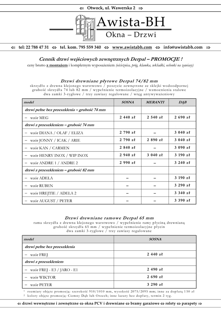 Otwock, ul. Wawerska 2 Awista-BH Okna – Drzwi tel: 22 788 47 31 tel. kom. 795 559 340 www.awistabh.com [email protected] Cennik drzwi wejściowych zewnętrznych Derpal – PROMOCJE ! ceny brutto z montażem i kompletnym wyposażeniem (ościeżnica, próg, klamka, wkładki, osłonki na zawiasy) Drzwi drewniane płytowe Derpal 7 4/82 mm skr zy dł o z dr e wn a kle jo n e go war st wo wo / p o szy c ie ze wn ę t r zne ze skle jki wo do o dpor n e j gr ub o ść skr zy dł a 74 lub 82 m m / wy pe ł n ie n ie t er mo izo lac y jn e / wzm oc n ie n ia st alowe dwa zam ki 3- r y glo we / t r zy zawiasy r e gul o wan e / wr ę g an ty wy waże n io w y model SOSNA MERANTI DĄB 2 440 zł 2 540 zł 2 690 zł wzór DIANA / OLAF / ELIZA 2 790 zł 3 040 zł wzór JONNY / ICAK / ARIE 2 790 zł 2 890 zł 3 040 zł wzór KAN / CARMEN 2 840 zł 3 090 zł wzór HENRY INOX / WIP INOX 2 940 zł 3 040 zł 3 190 zł wzór ANDRE 1 / ANDRE 2 2 990 zł 3 240 zł wzór ADELA 3 190 zł wzór RUBEN 3 290 zł wzór HREJTIE / ADELA 2 3 340 zł wzór AUGUST / PETER 3 390 zł drzwi pełne bez przeszklenia – grubość 74 mm wzór MEG drzwi z przeszkleniem – grubość 74 mm drzwi z przeszkleniem – grubość 82 mm Drzwi drewniane ramowe Derpal 65 mm r am a skr zy dł a z dr e wn a kle jo n e go war st wo wo / wy p eł n ie n ie r am y p ły c in ą dre wn ian ą gr ub o ść skr zy dł a 65 m m / wyp e łn ie n ie t e rm o izo lac y jn e pł y c in dwa zam ki 3- r y glo we / t r zy zawiasy r e gul o wan e model SOSNA drzwi pełne bez przeszklenia wzór FREJ 2 440 zł drzwi z przeszkleniem wzór FREJ - E3 / JARO - E1 2 490 zł wzór WIKTOR 2 690 zł wzór PETER 3 290 zł 1 2 rozmiary objęte promocją: szerokość 910/1010 mm, wysokość 2075/2095 mm; inne za dopłatą 1 50 zł kolory objęte promocją: Ciemny Dąb lub Orzech; inne lazury bez dopłaty, termin 2 tyg. drzwi wewnętrzne i zewnętrzne okna PCV i drewniane bramy garażowe rolety parapety
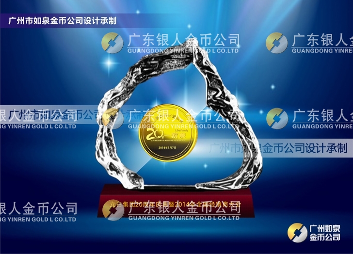 2014年1月:定制廣州立白集團20周年慶純金牌鑲嵌水晶擺件
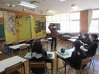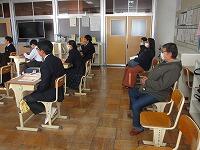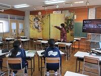 1年生は、美術です。鑑賞の授業でした。先生が用意した実物大の「風神雷神図屏風」の絵をみんなでじっくり見て、感じたことや思ったことを自由に言い合います。先生が生徒の意見を促すように生徒に問いかけていました。じっくり見るといろいろと想像が膨らみます。また、友達の意見を聞くことでよりイメージが広がっているようです。
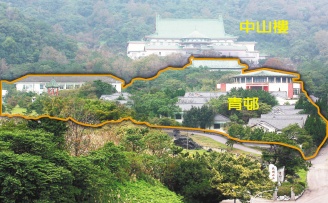 阳明山中山楼附近的建筑群,画面正后方的古典大楼即是中山楼,其余均是由“国防部”主管的青邨,黑瓦建物是当年维安人员居住的地方。图片来源:联合报
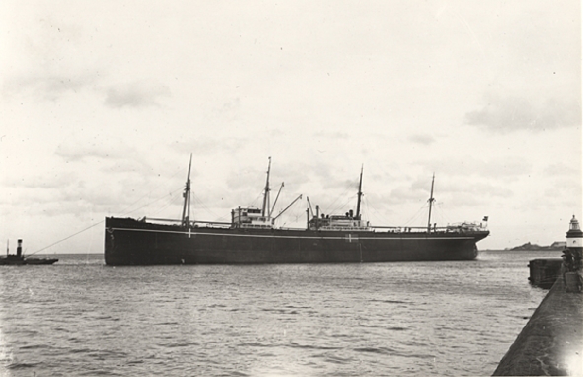 Foto i svartvitt visande lastmotorfartyget "AUSTRALIEN" av Köpenhamn under bogsering i Köpenhamn 1939 - 1940-talet.
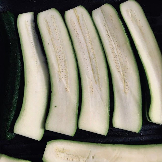 In der Zwischenzeit die Zucchinischeiben in einer Grillpfanne grillen.
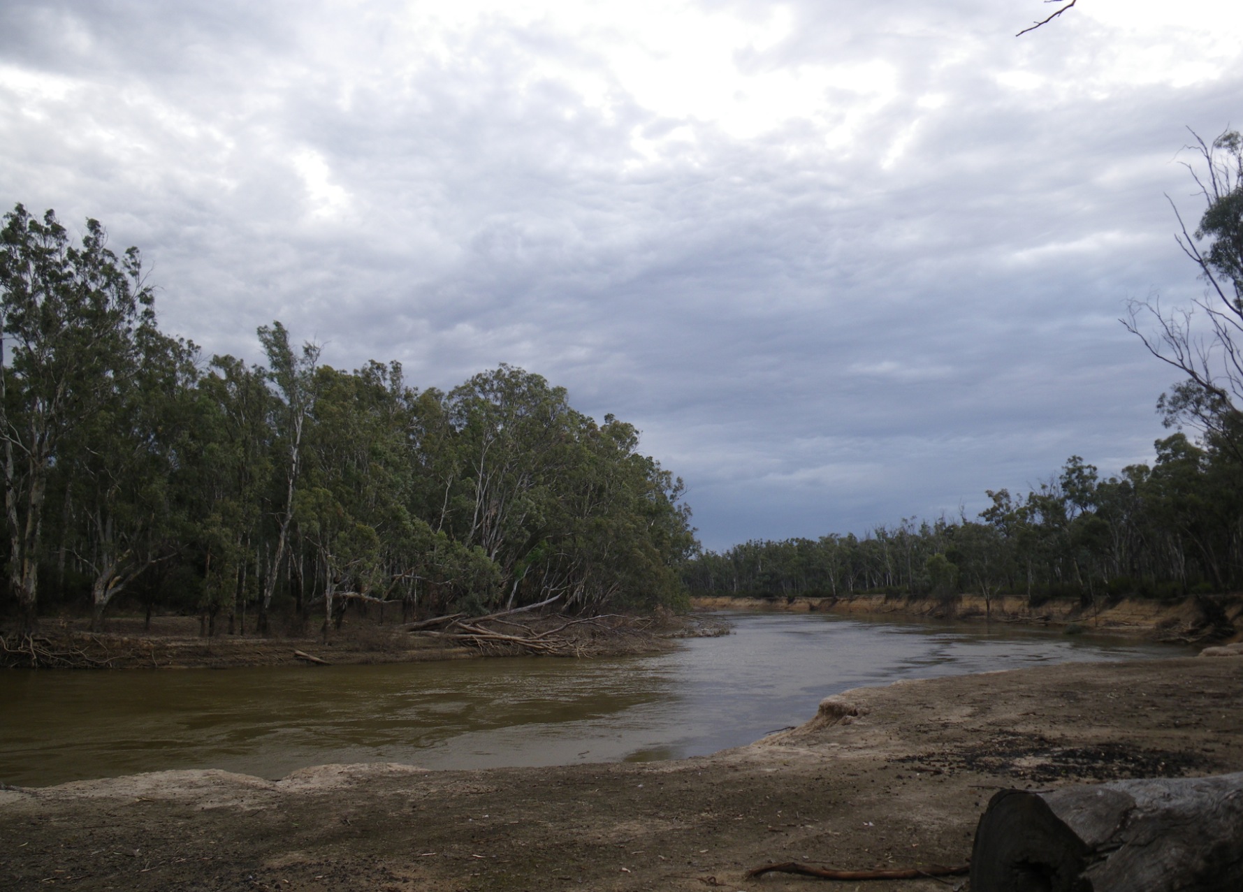 the Murray River - filled to the brim. The steady rain of the following
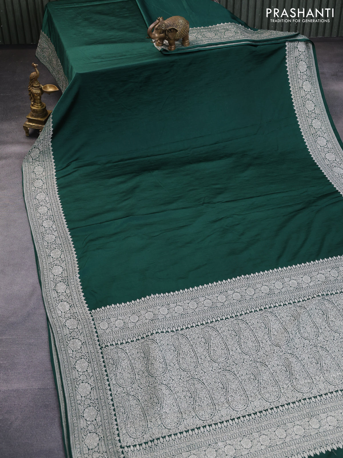 Banarasi crush crepe saree dark green with plain body and zari woven border
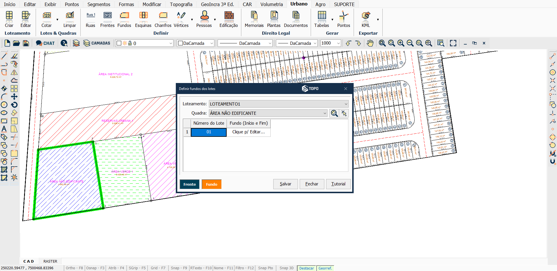 Lembre-se de definir fundos para as áreas públicas cotadas também como: área institucional, área loteada, área não edificante, área verde, praças e reservas urbanas.
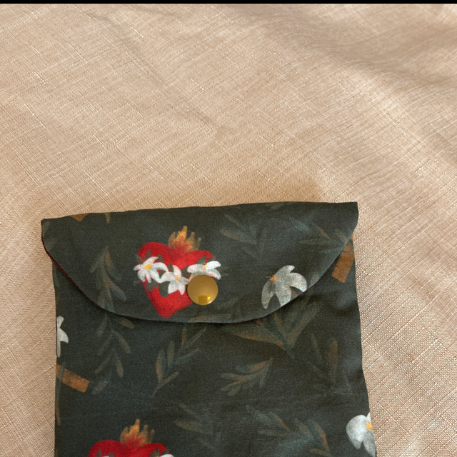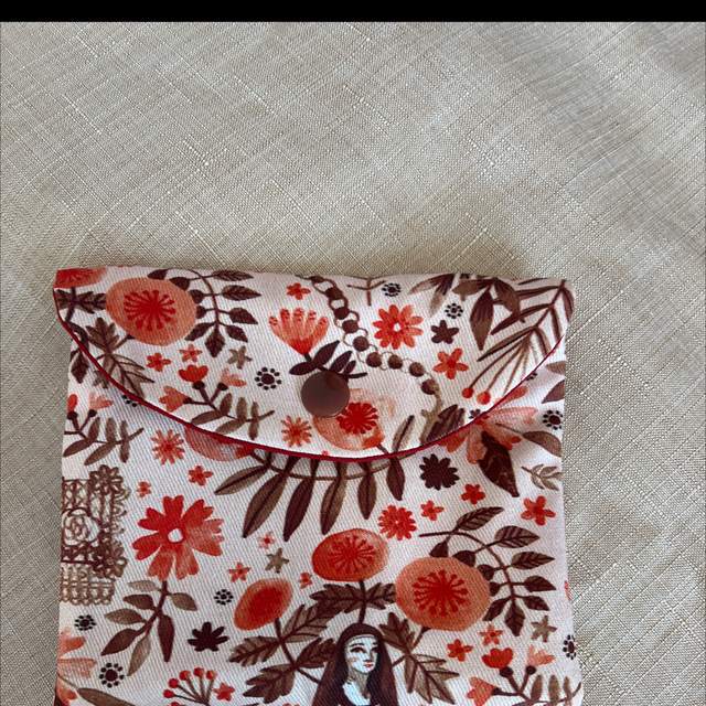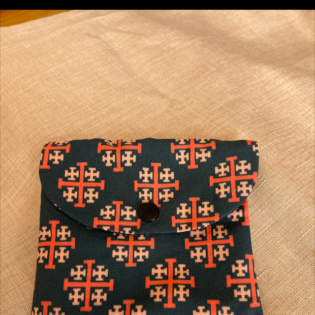 L’étui à chapelet est une pochette de 9cm * 10cm environ, avec un bouton pression pour une utilisation simple.
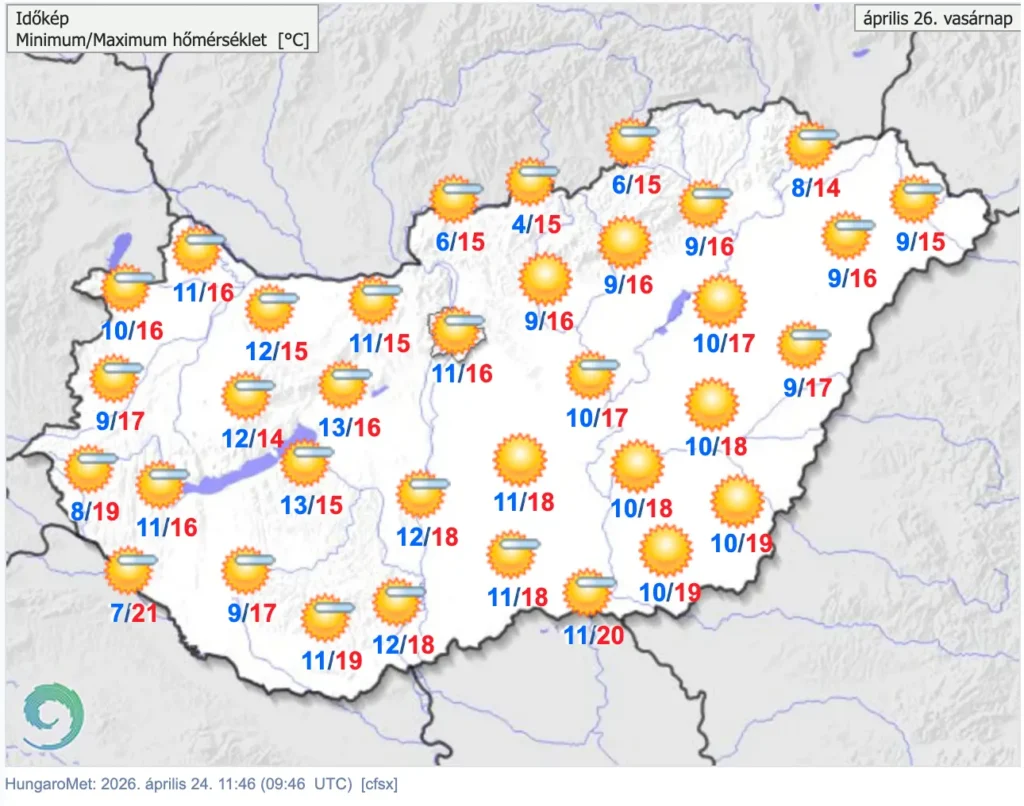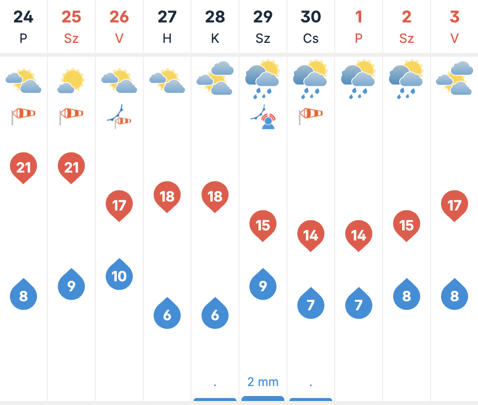 Az időjárás-előrejelzés szerint a vasárnapi hidegfront után platózik a maximumhőmérséklet néhány napig 17-18 fokon. Az újabb hidegfront majd szerdán éri el Magyarországot, ami akkor záport is hoz magával.

....................

_What is expected_
All the records above must be retyped exactly, except for their pictures.

_Reply to the task_
 Otwock, ul. Wawerska 2 Awista-BH Okna – Drzwi tel: 22 788 47 31 tel. kom. 795 559 340 www.awistabh.com [email protected] Cennik drzwi wejściowych zewnętrznych Derpal – PROMOCJE ! ceny brutto z montażem i kompletnym wyposażeniem (ościeżnica, próg, klamka, wkładki, osłonki na zawiasy) Drzwi drewniane płytowe Derpal 7 4/82 mm skr zy dł o z dr e wn a kle jo n e go war st wo wo / p o szy c ie ze wn ę t r zne ze skle jki wo do o dpor n e j gr ub o ść skr zy dł a 74 lub 82 m m / wy pe ł n ie n ie t er mo izo lac y jn e / wzm oc n ie n ia st alowe dwa zam ki 3- r y glo we / t r zy zawiasy r e gul o wan e / wr ę g an ty wy waże n io w y model SOSNA MERANTI DĄB 2 440 zł 2 540 zł 2 690 zł wzór DIANA / OLAF / ELIZA 2 790 zł 3 040 zł wzór JONNY / ICAK / ARIE 2 790 zł 2 890 zł 3 040 zł wzór KAN / CARMEN 2 840 zł 3 090 zł wzór HENRY INOX / WIP INOX 2 940 zł 3 040 zł 3 190 zł wzór ANDRE 1 / ANDRE 2 2 990 zł 3 240 zł wzór ADELA 3 190 zł wzór RUBEN 3 290 zł wzór HREJTIE / ADELA 2 3 340 zł wzór AUGUST / PETER 3 390 zł drzwi pełne bez przeszklenia – grubość 74 mm wzór MEG drzwi z przeszkleniem – grubość 74 mm drzwi z przeszkleniem – grubość 82 mm Drzwi drewniane ramowe Derpal 65 mm r am a skr zy dł a z dr e wn a kle jo n e go war st wo wo / wy p eł n ie n ie r am y p ły c in ą dre wn ian ą gr ub o ść skr zy dł a 65 m m / wyp e łn ie n ie t e rm o izo lac y jn e pł y c in dwa zam ki 3- r y glo we / t r zy zawiasy r e gul o wan e model SOSNA drzwi pełne bez przeszklenia wzór FREJ 2 440 zł drzwi z przeszkleniem wzór FREJ - E3 / JARO - E1 2 490 zł wzór WIKTOR 2 690 zł wzór PETER 3 290 zł 1 2 rozmiary objęte promocją: szerokość 910/1010 mm, wysokość 2075/2095 mm; inne za dopłatą 1 50 zł kolory objęte promocją: Ciemny Dąb lub Orzech; inne lazury bez dopłaty, termin 2 tyg. drzwi wewnętrzne i zewnętrzne okna PCV i drewniane bramy garażowe rolety parapety
 2014年1月:定制廣州立白集團20周年慶純金牌鑲嵌水晶擺件
 1年生は、美術です。鑑賞の授業でした。先生が用意した実物大の「風神雷神図屏風」の絵をみんなでじっくり見て、感じたことや思ったことを自由に言い合います。先生が生徒の意見を促すように生徒に問いかけていました。じっくり見るといろいろと想像が膨らみます。また、友達の意見を聞くことでよりイメージが広がっているようです。
 阳明山中山楼附近的建筑群,画面正后方的古典大楼即是中山楼,其余均是由“国防部”主管的青邨,黑瓦建物是当年维安人员居住的地方。图片来源:联合报
 Foto i svartvitt visande lastmotorfartyget "AUSTRALIEN" av Köpenhamn under bogsering i Köpenhamn 1939 - 1940-talet.
 In der Zwischenzeit die Zucchinischeiben in einer Grillpfanne grillen.
 the Murray River - filled to the brim. The steady rain of the following
 Banarasi crush crepe saree dark green with plain body and zari woven border
 Lembre-se de definir fundos para as áreas públicas cotadas também como: área institucional, área loteada, área não edificante, área verde, praças e reservas urbanas.
 L’étui à chapelet est une pochette de 9cm * 10cm environ, avec un bouton pression pour une utilisation simple.
 Az időjárás-előrejelzés szerint a vasárnapi hidegfront után platózik a maximumhőmérséklet néhány napig 17-18 fokon. Az újabb hidegfront majd szerdán éri el Magyarországot, ami akkor záport is hoz magával.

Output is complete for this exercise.